В другой раз отец застал ее за техническим журналом.

— А что, если тебе инженером стать? — спросил он. — Ты говори, не стесняйся.

Но Нина и на этот раз отмолчалась.

Вечером, уйдя в свою комнату, она подолгу разглядывала многочисленные фотографии брата Данилы, теперь военного летчика. Тут были и одиночные и групповые снимки на фоне летного поля — с самолетами, ангарами…

Через несколько дней приехал домой Данила. На нем темно-синий костюм, перетянутый блестящими ремнями. Нина глядела на него с восхищением и тайком выспрашивала его о чем-то. А потом вдруг объявила родителям:

— Я буду летчиком!

— Как? Кем? — переспросил изумленный отец. У него даже трубка выпала изо рта. — Летчиком?

С минуту все сидели молча, потом, подобрав трубку и набив ее, отец сказал:

— Хотя чему удивляться? Мать у тебя была пулеметчицей… Летай!

Мать всплакнула, но на другой же день отыскала в книжном магазине книгу летчика Михеева и подарила дочери.

В 1940 году Нина без отрыва от учебы в десятом классе поступила в аэроклуб. Когда проходила медицинскую к о-миссию, старичок врач, осмотрев ее сильную, стройную, словно из металла отлитую фигуру, восхитился:

— Амазонка! Какие тут сомнения?! Она рождена для неба!

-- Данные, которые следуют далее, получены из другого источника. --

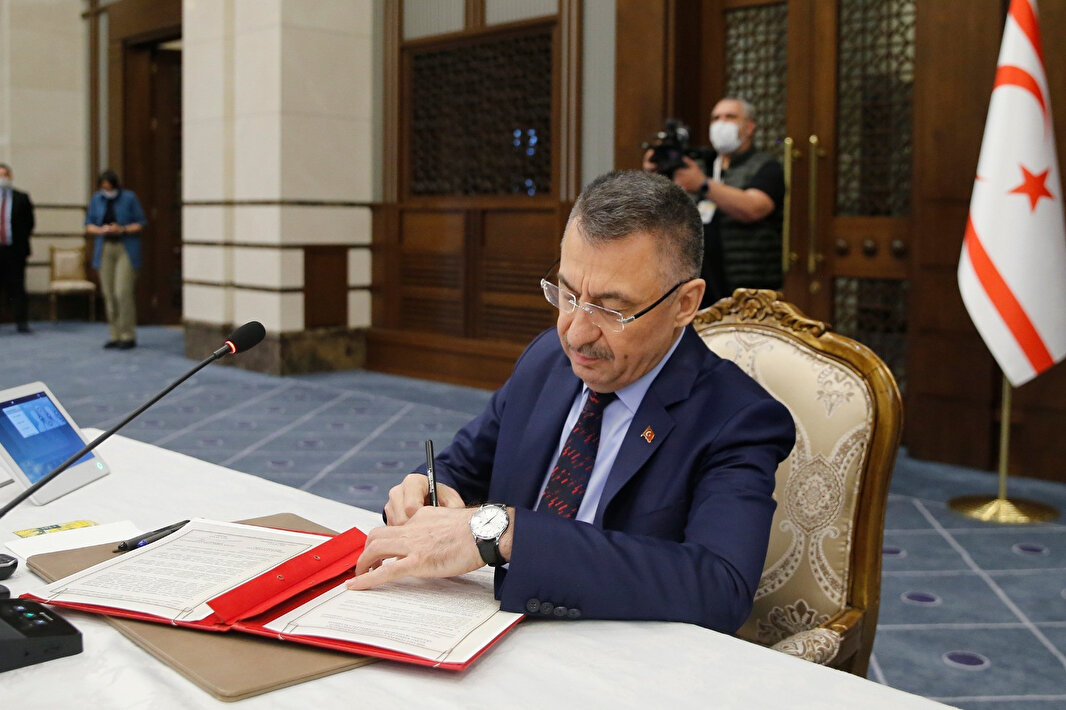Kuzey Kıbrıs Türk Cumhuriyeti (KKTC) arasında İktisadi ve Mali İşbirliği Protokolü, Cumhurbaşkanı Yardımcısı Fuat Oktay ile KKTC Başbakanı Ersin Tatar arasında imzalandı İmza töreninde konuşan KKTC Başbakanı Ersin Tatar, ekonomik olarak güçlü bir kaynağın ülkeye aktarılacağını söyledi. Tatar, "

Инструктором Нины оказался летчик Василий Дремов. При первом знакомстве он выказал явное недоверие к Нине. Как и многие другие, он, видимо, считал специальность авиатора недоступной для женщин. И это еще больше подзадорило Нину. Она всеми силами старалась рассеять чувство напряженности и страха, которые присущи почти всем людям, когда они идут в первый полет. Есть один момент в полете, который почти всегда смущает новичка, это момент уборки газа и перехода самолета, на планирование. Впоследствии это никак не отражается на летчике, но в первый, раз…

…Мотор рокочет ровно, самолет, упруго покачиваясь, уверенно плывет над землей — и вдруг… тишина, самолет клюет носом, полет становится зыбким, и пассажир испытывает такое ощущение, будто внутри у него что-то обрывается… У инструктора в кабине сферическое зеркало, в котором он видит курсанта за своей спиной, и ему смешно.

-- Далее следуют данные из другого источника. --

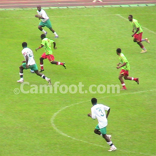 Les visiteurs, grâce à leur capitaine, Nguemaleu, ont ouvert le score à la 31ème minute. Le capitaine des Nassara, pris en tenaille dans la surface de réparation des locaux, réussit néanmoins à prendre le dessus sur les défenseurs. Il assène un coup de tête au ballon qui termine sa course dans les filets du gardien Njoya aligné en lieu et place de Bandeken. La beauté du geste, la détente de félin du buteur rappelle les exploits de François Oman Biyick, ancien lion indomptable. Le but intervient à la suite d’un coup franc apparemment sans danger exécuté par Tchouadeu, qui sera d’ailleurs félicité par son entraîneur Gérard Mbimi et ses camardes restés sur le banc de touche.

Нина очень внимательно вслушивалась в возбужденные рассказы товарищей о первом полете, и когда подошла ее очередь лететь, то многое учла. Напрасно Дремов, глядя в зеркало, искал на ее лице признаков страха. Он видел спокойное внимание и восторженное удивление. А во время наземных занятий Дремов не находил слушателя более внимательного и понятливого, чем Нина. Это принудило его изменить свое мнение о девушке. Одной из первых она вышла и в самостоятельный полет. Дремов гордился ею.

Вскоре произошел случай, который заставил Дремова еще больше гордиться своим учлетом, Аэроклуб посетил генерал. Ожидали, что прикатит легковой автомобиль, адъютант, щелкнув каблуками, распахнет дверцу и из автомобиля выберется полный и непременно пожилой мужчина с усталым взглядом. А вышло все не так.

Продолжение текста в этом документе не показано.